_Extracted information_
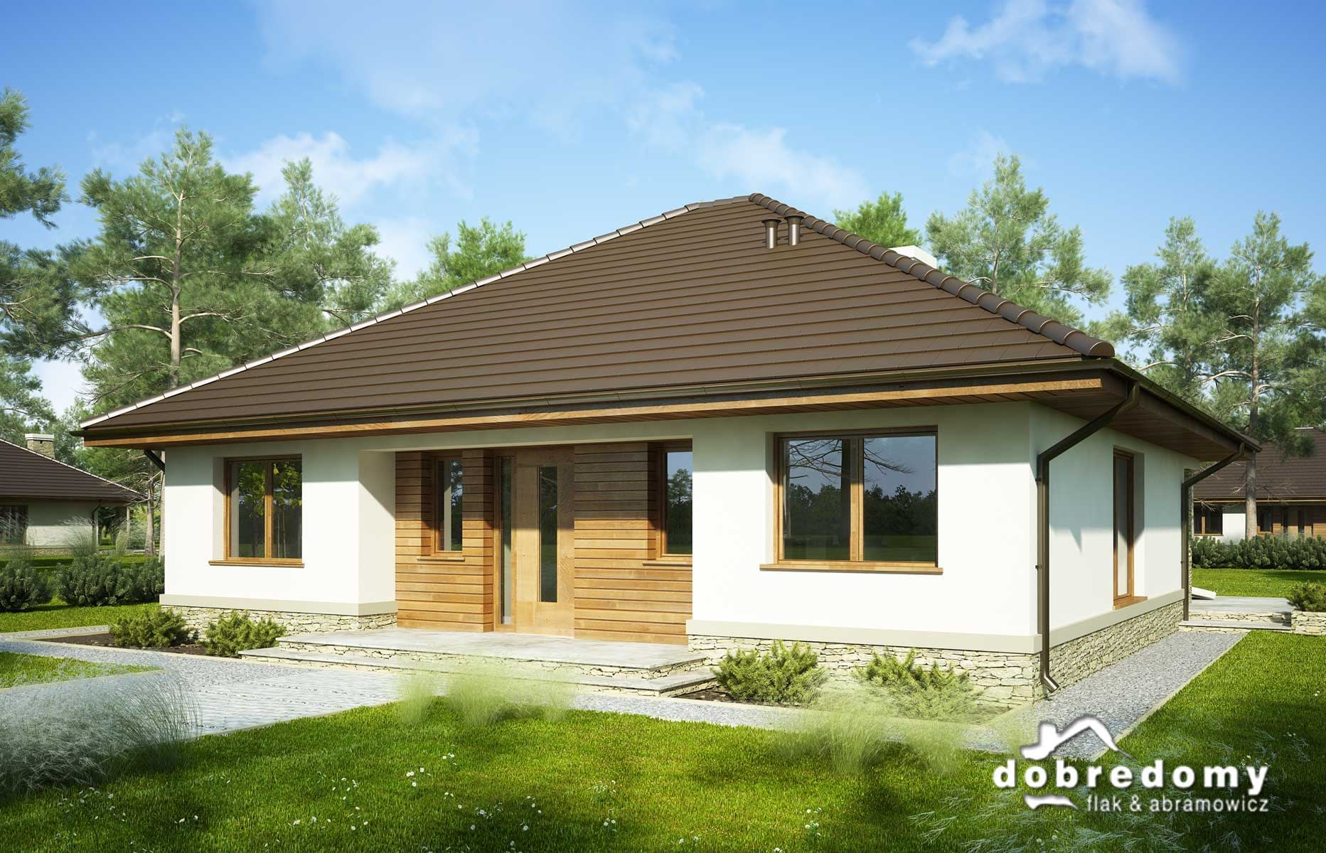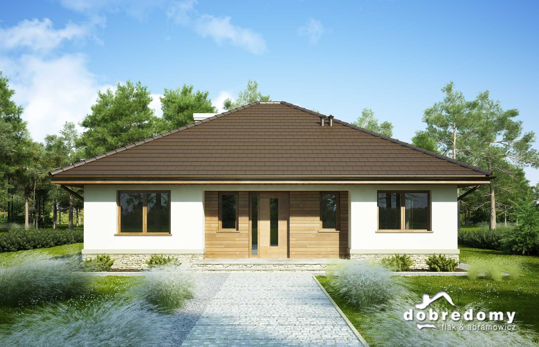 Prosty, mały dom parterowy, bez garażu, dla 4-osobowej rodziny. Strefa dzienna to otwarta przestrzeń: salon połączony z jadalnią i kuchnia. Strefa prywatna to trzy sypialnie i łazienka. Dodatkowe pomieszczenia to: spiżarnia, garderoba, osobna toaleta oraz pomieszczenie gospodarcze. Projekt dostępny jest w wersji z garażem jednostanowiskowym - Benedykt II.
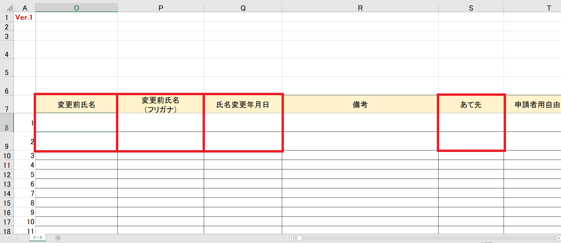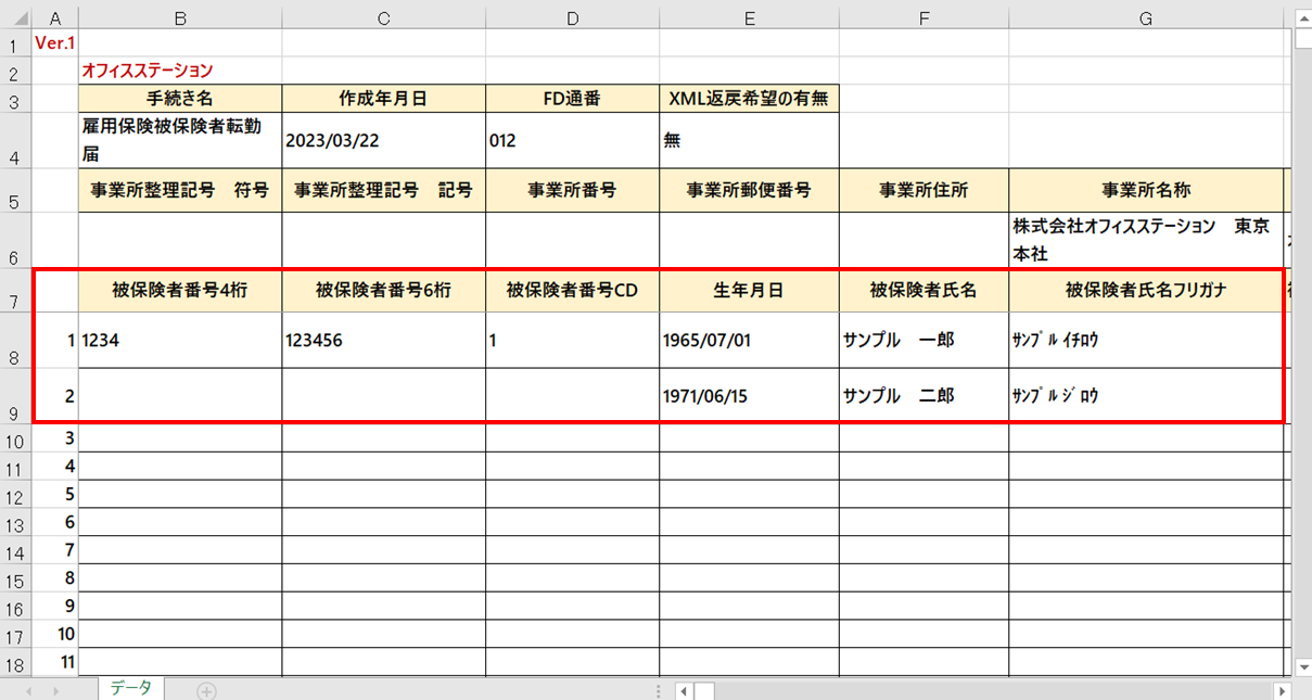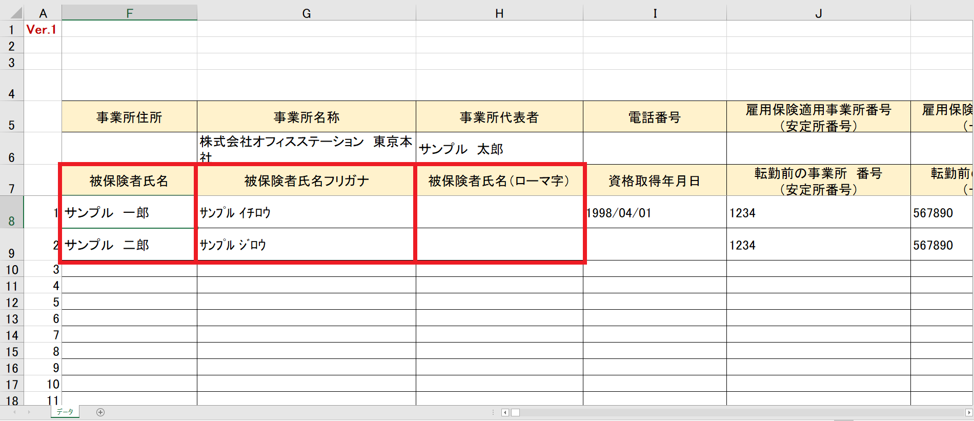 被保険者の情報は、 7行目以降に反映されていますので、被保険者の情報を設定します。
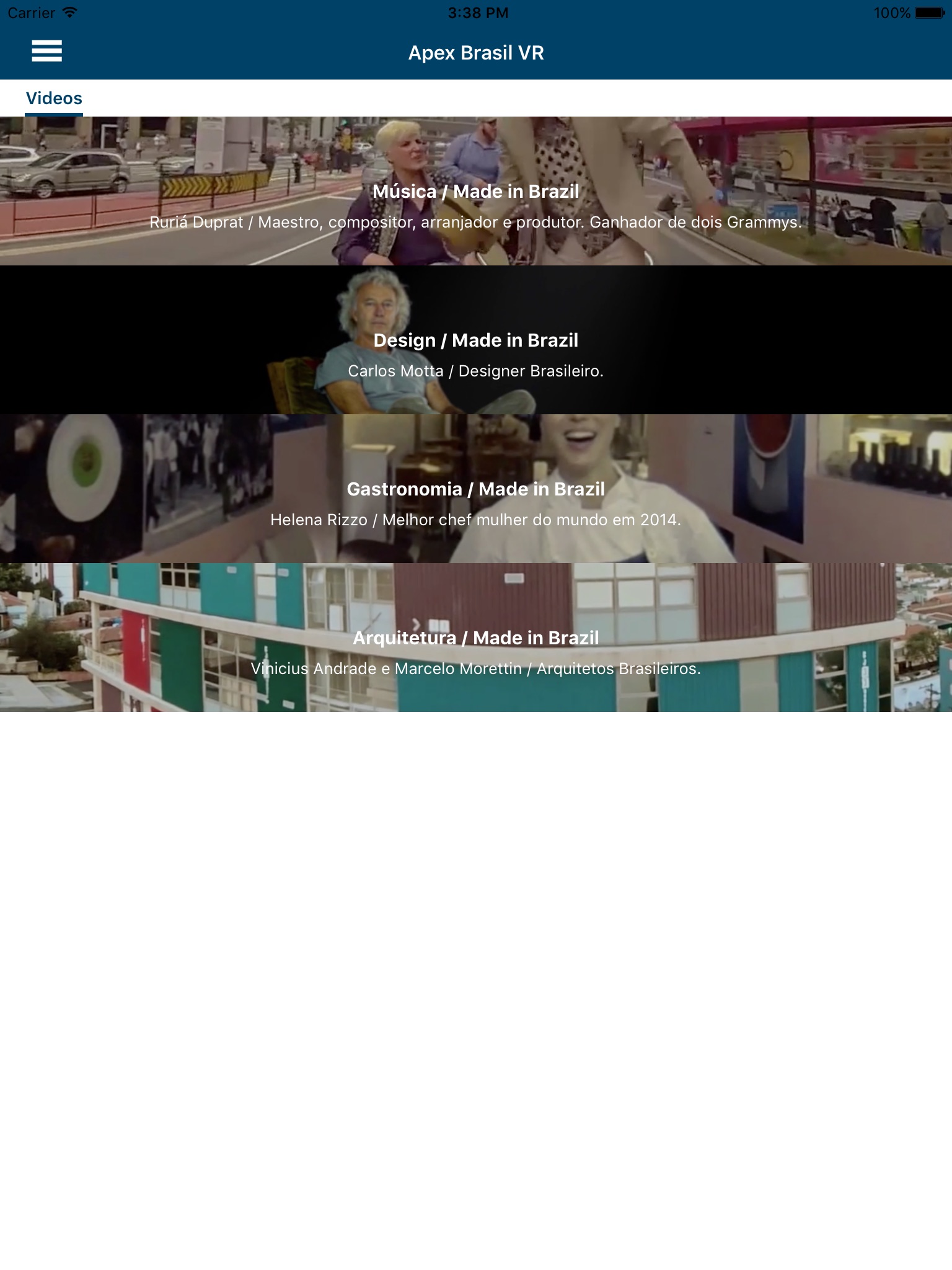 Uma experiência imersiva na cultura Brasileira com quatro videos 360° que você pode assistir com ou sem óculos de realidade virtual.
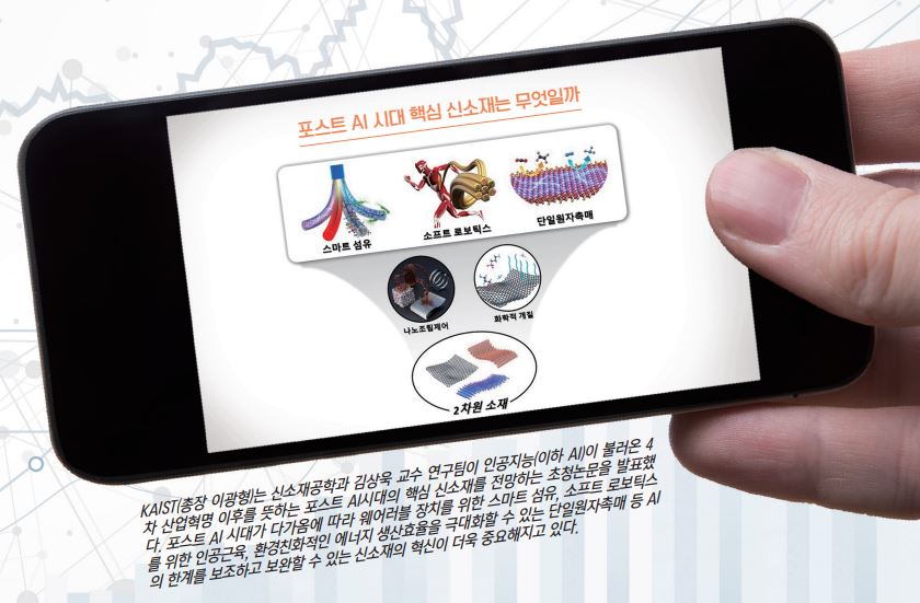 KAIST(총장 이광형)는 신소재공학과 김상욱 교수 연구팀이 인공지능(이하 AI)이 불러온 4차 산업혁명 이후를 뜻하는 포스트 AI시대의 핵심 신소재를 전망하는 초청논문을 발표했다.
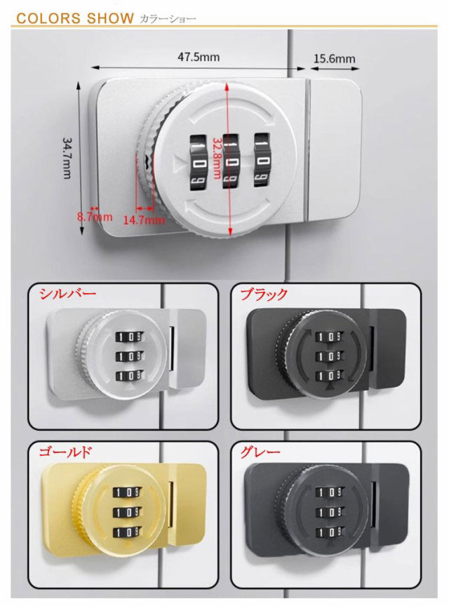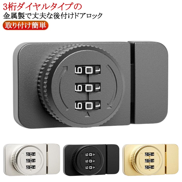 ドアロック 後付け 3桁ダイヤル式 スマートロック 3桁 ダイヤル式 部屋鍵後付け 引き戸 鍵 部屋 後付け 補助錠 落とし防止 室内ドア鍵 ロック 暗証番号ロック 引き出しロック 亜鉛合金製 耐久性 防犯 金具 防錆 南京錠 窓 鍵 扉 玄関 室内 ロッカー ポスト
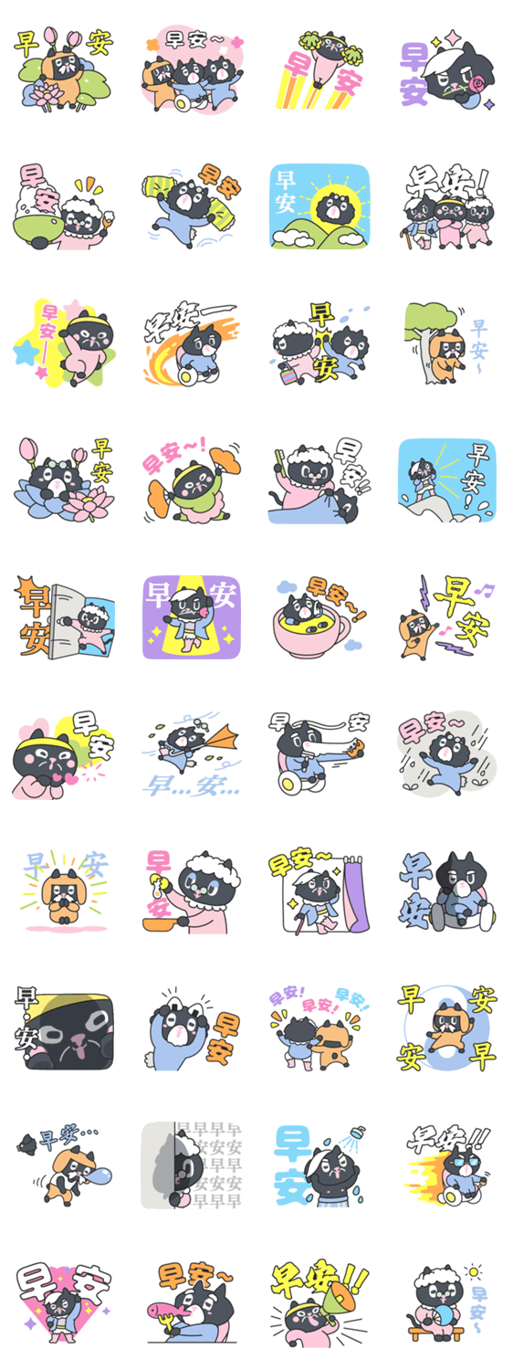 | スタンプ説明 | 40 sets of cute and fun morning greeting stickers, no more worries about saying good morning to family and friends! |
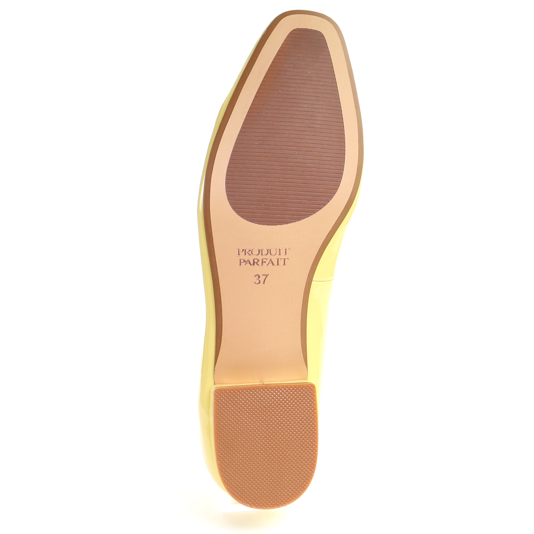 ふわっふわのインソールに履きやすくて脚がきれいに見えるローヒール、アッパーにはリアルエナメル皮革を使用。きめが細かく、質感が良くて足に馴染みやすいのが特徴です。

_Exercise prompt_
Can you restate all the records above word for word while dropping the pictures?

_Written response_
 Prosty, mały dom parterowy, bez garażu, dla 4-osobowej rodziny. Strefa dzienna to otwarta przestrzeń: salon połączony z jadalnią i kuchnia. Strefa prywatna to trzy sypialnie i łazienka. Dodatkowe pomieszczenia to: spiżarnia, garderoba, osobna toaleta oraz pomieszczenie gospodarcze. Projekt dostępny jest w wersji z garażem jednostanowiskowym - Benedykt II.
 被保険者の情報は、 7行目以降に反映されていますので、被保険者の情報を設定します。
 Uma experiência imersiva na cultura Brasileira com quatro videos 360° que você pode assistir com ou sem óculos de realidade virtual.
 KAIST(총장 이광형)는 신소재공학과 김상욱 교수 연구팀이 인공지능(이하 AI)이 불러온 4차 산업혁명 이후를 뜻하는 포스트 AI시대의 핵심 신소재를 전망하는 초청논문을 발표했다.
 ドアロック 後付け 3桁ダイヤル式 スマートロック 3桁 ダイヤル式 部屋鍵後付け 引き戸 鍵 部屋 後付け 補助錠 落とし防止 室内ドア鍵 ロック 暗証番号ロック 引き出しロック 亜鉛合金製 耐久性 防犯 金具 防錆 南京錠 窓 鍵 扉 玄関 室内 ロッカー ポスト
 | スタンプ説明 | 40 sets of cute and fun morning greeting stickers, no more worries about saying good morning to family and friends! |
 ふわっふわのインソールに履きやすくて脚がきれいに見えるローヒール、アッパーにはリアルエナメル皮革を使用。きめが細かく、質感が良くて足に馴染みやすいのが特徴です。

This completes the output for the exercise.